実感!川の生物多様性 やけうちっ子環境講座 宇検村
2023年07月29日
子ども・教育
宇検村やけうちっ子環境学習世界自然遺産博士講座(宇検村教育委員会主催)の第2回「実感! 宇検の川の生物多様性」が28日、同村湯湾の生涯学習センター「元気の出る館」などであった。村内の小中学生43人が参加。座学やグループワークを通し、奄美大島だけに生息する絶滅危惧種リュウキュウアユをはじめ、島の豊かな水生生物について学んだ。
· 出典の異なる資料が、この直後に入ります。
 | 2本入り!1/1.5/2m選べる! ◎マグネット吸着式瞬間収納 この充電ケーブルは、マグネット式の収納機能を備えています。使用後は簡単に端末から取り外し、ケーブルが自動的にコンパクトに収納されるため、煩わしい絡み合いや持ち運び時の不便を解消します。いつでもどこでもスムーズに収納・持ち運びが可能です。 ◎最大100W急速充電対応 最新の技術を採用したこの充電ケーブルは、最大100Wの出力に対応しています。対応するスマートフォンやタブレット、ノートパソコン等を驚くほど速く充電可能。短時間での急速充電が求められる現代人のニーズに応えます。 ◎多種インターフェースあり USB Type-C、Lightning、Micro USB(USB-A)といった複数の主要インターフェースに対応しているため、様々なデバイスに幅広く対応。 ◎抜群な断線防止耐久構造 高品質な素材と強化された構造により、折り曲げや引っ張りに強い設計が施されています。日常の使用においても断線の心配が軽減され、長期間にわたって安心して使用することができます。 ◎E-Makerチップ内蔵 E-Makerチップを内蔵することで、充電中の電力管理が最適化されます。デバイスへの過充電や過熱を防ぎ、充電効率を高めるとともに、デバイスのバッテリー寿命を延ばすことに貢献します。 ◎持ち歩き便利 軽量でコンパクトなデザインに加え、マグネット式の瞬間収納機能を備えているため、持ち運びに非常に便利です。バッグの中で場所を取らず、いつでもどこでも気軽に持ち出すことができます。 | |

同講座は、奄美・沖縄が世界自然遺産に登録された21年度に始まり、今年で3年目。地域の自然や文化、歴史を学び、持続可能な社会の担い手の育成が目的。第2回は、県環境技術協会環境調査部環境生物課の米沢俊彦さん(53)、鹿児島大学水産学部准教授の久米元さん(49)が講師を務めた。
米沢さんは「リュウキュウアユと奄美の川の生きもの」と題して講話。リュウキュウアユと一般的なアユとの見分け方や海と川を往来する行動原理、1年で生涯を終える生態などについて解説した。
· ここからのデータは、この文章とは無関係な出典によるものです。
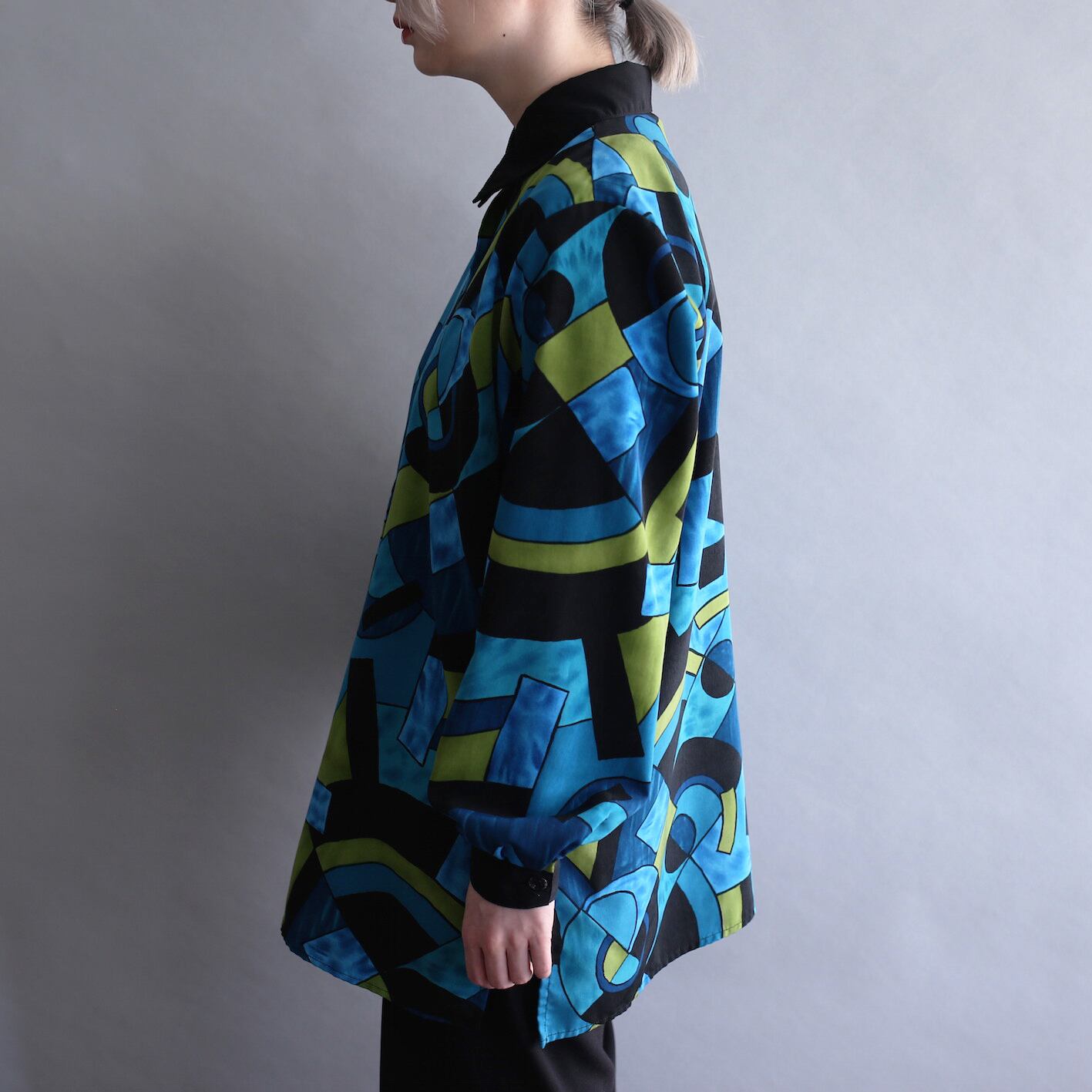 寒色で描かれたステンドグラスのような幻想的な世界観を放つデザインシャツ

奄美大島での▽分布域▽個体数の推移▽減少要因―にも言及。1970年代、沖縄本島でリュウキュウアユが絶滅したことにも触れ、「奄美大島だけに生息する希少で美しい生き物。島の『宝』として大切に守ってほしい」呼び掛けた。
グループワークでは久米さんが進行役となり、鹿大水産学部4年の西原改さん(22)と井上賢太郎さん(22)、同大院生の松本悠さん(23)が、それぞれの研究テーマである「ニホンウナギ」「リュウキュウアユ」「アカオビハナダイ」について紹介した。
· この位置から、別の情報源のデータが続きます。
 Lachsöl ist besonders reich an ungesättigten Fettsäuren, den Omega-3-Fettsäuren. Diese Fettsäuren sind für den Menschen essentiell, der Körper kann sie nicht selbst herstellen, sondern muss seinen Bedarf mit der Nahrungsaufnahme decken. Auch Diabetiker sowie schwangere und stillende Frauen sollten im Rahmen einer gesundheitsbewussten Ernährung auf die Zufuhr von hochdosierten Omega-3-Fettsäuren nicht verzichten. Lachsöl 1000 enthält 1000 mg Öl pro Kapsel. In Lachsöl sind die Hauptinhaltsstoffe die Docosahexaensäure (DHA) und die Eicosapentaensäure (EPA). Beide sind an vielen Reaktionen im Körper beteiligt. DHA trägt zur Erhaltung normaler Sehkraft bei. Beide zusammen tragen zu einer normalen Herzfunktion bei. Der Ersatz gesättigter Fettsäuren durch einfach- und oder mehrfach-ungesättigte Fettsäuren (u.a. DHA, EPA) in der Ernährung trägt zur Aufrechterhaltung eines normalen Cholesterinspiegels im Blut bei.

田検小学校に通う松元駿成くん(6)は「アカオビハナダイの頭にある耳石(じせき)の年輪で何歳か分かるのが面白かった。普段は海や川にあまり行かないけれど、水の生き物に興味が湧いた」と笑顔で話した。
村内の河内川で予定していたリュウキュウアユなどの観察会は、前日までの雨の影響で中止した。講座終了後、阿室小中学校の岩切敏彦教諭が案内人を務め、会場周辺でフィールドワークを実施。参加者らは、トンボやアメンボといった、身近な水生昆虫などを観察した。